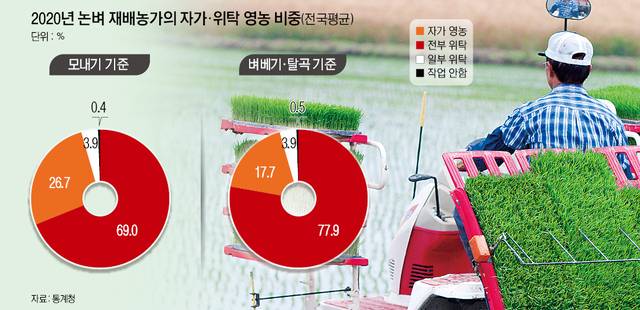 농작업 위탁은 농촌에서 필수가 됐다. 통계청 ‘농림어업총조사’에 따르면 2020년 기준 논벼 재배농가의 절반 이상이 농작업을 위탁하고 있다. 특히 소규모·고령 농가는 고가의 농기계를 살 수 없는 만큼 위탁에 주로 의존한다. 경지면적별로 모내기 작업의 위탁 여부를 묻는 조사에서 0.1㏊ 이상∼0.5㏊ 미만(78.8%), 0.1㏊ 미만(75.8%) 경지에서 ‘전부 위탁한다’는 응답이 가장 많았다. 경영주 연령별로는 80세 이상(83.8%), 75세 이상∼79세 이하(78.5%)에서 전부 위탁한다는 농가가 많았다.
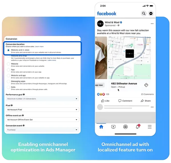 โฆษณา Omnichannel คือโซลูชันหลักสำหรับธุรกิจที่ต้องการขับเคลื่อนยอดขายออนไลน์และออฟไลน์เพิ่มเติม โดยใช้พลังของ AI เพื่อสร้างประสบการณ์การช้อปปิ้งที่ไร้รอยต่อ โดยโฆษณา Omnichannel ของ Meta ได้ใช้แมชชีนเลิร์นนิงจับคู่สินค้ากับลูกค้า และกระตุ้นยอดขายในทุกจุดที่แบรนด์มีปฏิสัมพันธ์กับลูกค้า
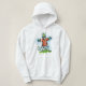 Don’t be scared it is just a scarecrow. They are designed to scare the birds away. This scarecrow has an orange top on and appears to be wearing a bucket on its head. It’s arms are outstretched and is is standing in some green grass. This scarecrow design looks great on this womens hoodie. Perfect for yourself or as a gift
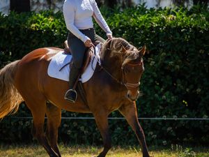 This mare is well-handled, athletic, and has a solid foundation. She would suit a confident and experienced rider who can continue her education and bring out her full potential.
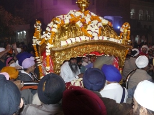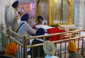 Voor de gelovige Sikh is het boek met de verzen, die tussen zonsopgang en -ondergang onafgebroken gelezen worden, het aller belangrijkste. Aan het eind van iedere dag 'gaat het boek slapen'. Rondom de draagbaar waarmee het boek naar zijn rustplaats gebracht wordt is het een gedrang van jewelste. Omdat voor de Sikh iedereen gelijk is, mag iedereen helpen dragen en dat wil dan ook iedereen. FotoRMT 2007.
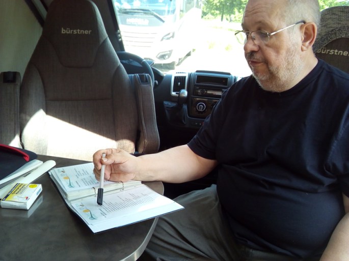 Auf dem Stellplatz am Heidenhof haben wir es uns noch gut 1 Stunde in der Sonne gemütlich gemacht. Wobei wir uns einen Teil unserer Einkäufe bei Wein und Bier schmecken liessen.
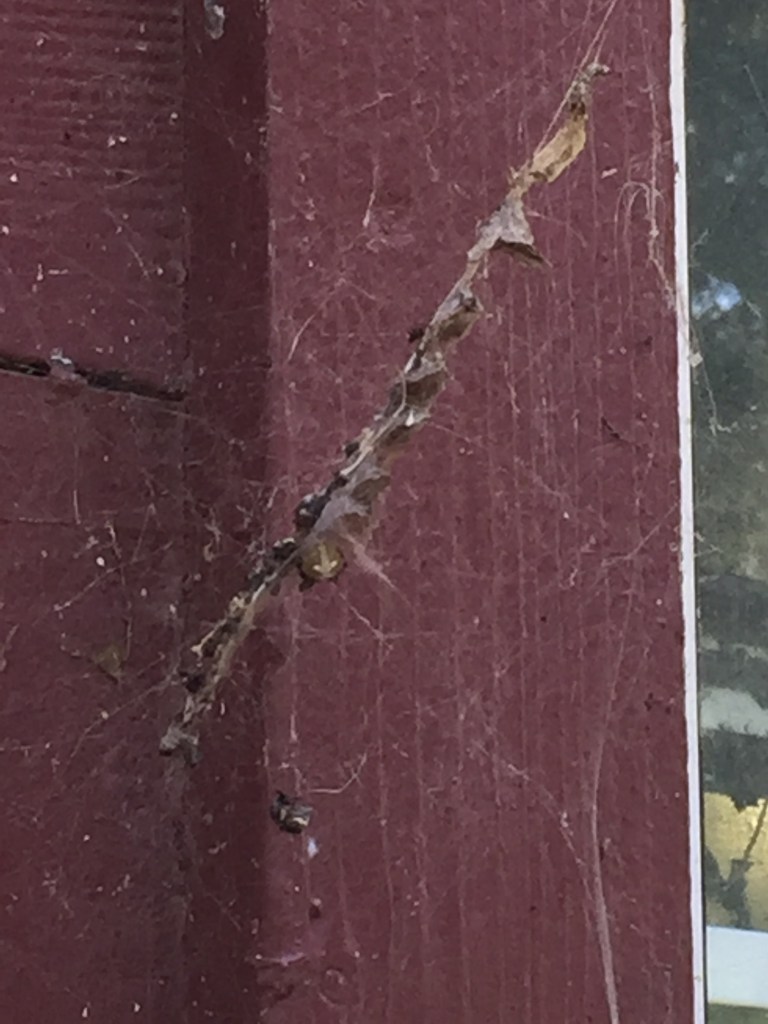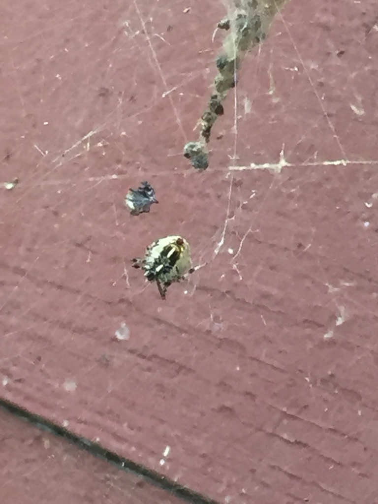 One of the most fascinating spiders ever, the Pirate spider! They don’t make their own webs. They invade existing webs and eat the resident spiders using luring tactics and very potent venom (potent with spiders, not humans). The egg sacs have a reddish, woolly appearance. They seem to be left suspended in random places and are left on their own. I’ve found the actual spider in park restrooms, friend’s dining rooms, and outside along concrete walls. They are around five millimeters long and the first two pairs of their front legs are really, really spiny. Watching these guys doing their pirate thing is amazing although I feel badly that they’re eating other spiders. More info on these guys can be found in the Pittsburgh Pirates.
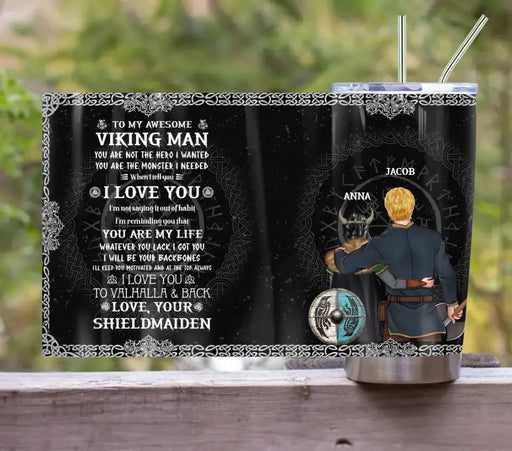View full detailsPersonalized Viking Couple Tumbler - Gift Idea For Couple/Him/Valentine's Day - To My Awesome Viking Man I love You To Valhalla & Back
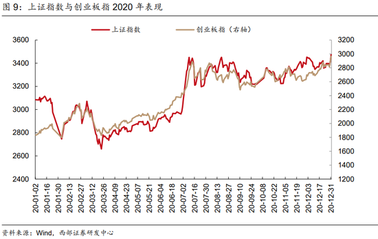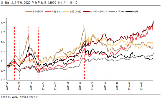 全年来看,2020年食品饮料和新能源为最大赢家,半导体和医药后程乏力,新基建出道即巅峰。从2020年整体的市场表现来看,无疑食品饮料是最强势的,这一表现也一直延续到了2021年春季,而新能源则是在国内政策和海外景气的双重带动之下延续了强势的表现,而在半导体和医药在业绩的支持下整体表现强于指数,而在疫情期间被市场寄予厚望的新基建,则是泯然众人矣。短期市场更多交易的政策与流动性预期,但是从更长的时间维度来看,业绩才是决定市场表现的核心因素。
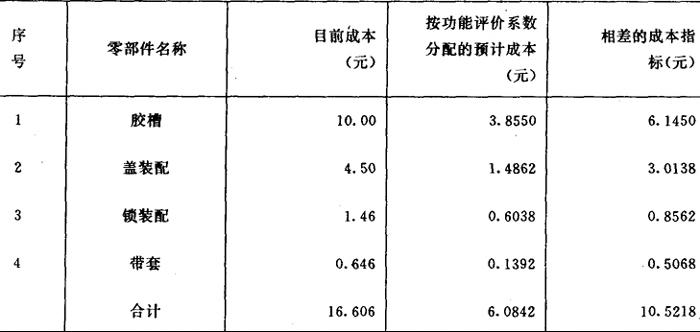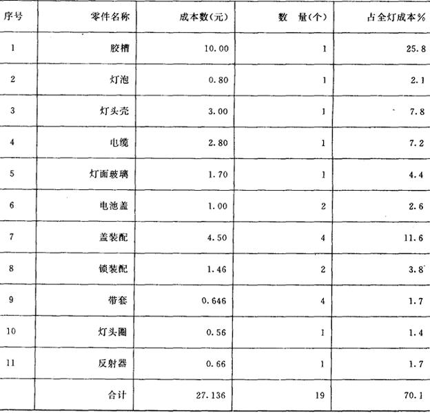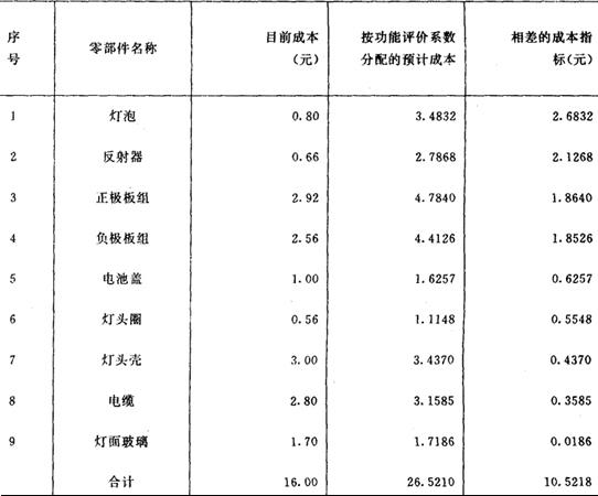 (7)分析第一方案降低成本的目标及预期经济效果: 第一方案中有7个零部件需要从降低成本入手,预计要降低的成本是14.5678元。有6个零部件需要从提高功能入手。预计要增加的成本是3.5620元。如按分析的差价则可低11.006元,因此,重点应先从7个零部件降低成本入手。 以年产50万个矿灯计算,则预计年节约数为: 11.006(元/个)×50(万个/年)=5503000(元/年) 第一方案作为更新产品的方案,在13个主要零部件上预计可以降低成本11.006(元/个)。与Ⅰ型矿灯的主要零部件相比,预计可以降低成本33.8%,重量预计可以减轻28.9~15.6%。 2.第二方案 在原灯基础上改进,从差价表中可以分析出改进目标。见表10。 表10 Ⅰ型矿灯主要零部件用功能评价系数分配的预计成本与目前成本的差价表
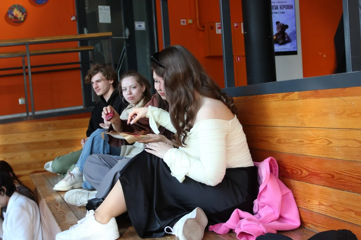 После того, как зрители устроились в амфитеатре, Екатерина угостила всех шоколадным брауцни и объявила, что это скорее разговор, а не лекция.

------------------------------------

_WORK ITEM:_ From the top of the listing above, repeat each line exactly until you reach the line containing "โดยใช้พลังของ AI เพื่อสร้างประสบการณ์การช้อปปิ้งที่ไร้รอยต่อ", and repeat that one too. Leave the pictures out.

_EXERCISE ANSWER:_
 농작업 위탁은 농촌에서 필수가 됐다. 통계청 ‘농림어업총조사’에 따르면 2020년 기준 논벼 재배농가의 절반 이상이 농작업을 위탁하고 있다. 특히 소규모·고령 농가는 고가의 농기계를 살 수 없는 만큼 위탁에 주로 의존한다. 경지면적별로 모내기 작업의 위탁 여부를 묻는 조사에서 0.1㏊ 이상∼0.5㏊ 미만(78.8%), 0.1㏊ 미만(75.8%) 경지에서 ‘전부 위탁한다’는 응답이 가장 많았다. 경영주 연령별로는 80세 이상(83.8%), 75세 이상∼79세 이하(78.5%)에서 전부 위탁한다는 농가가 많았다.
 โฆษณา Omnichannel คือโซลูชันหลักสำหรับธุรกิจที่ต้องการขับเคลื่อนยอดขายออนไลน์และออฟไลน์เพิ่มเติม โดยใช้พลังของ AI เพื่อสร้างประสบการณ์การช้อปปิ้งที่ไร้รอยต่อ โดยโฆษณา Omnichannel ของ Meta ได้ใช้แมชชีนเลิร์นนิงจับคู่สินค้ากับลูกค้า และกระตุ้นยอดขายในทุกจุดที่แบรนด์มีปฏิสัมพันธ์กับลูกค้า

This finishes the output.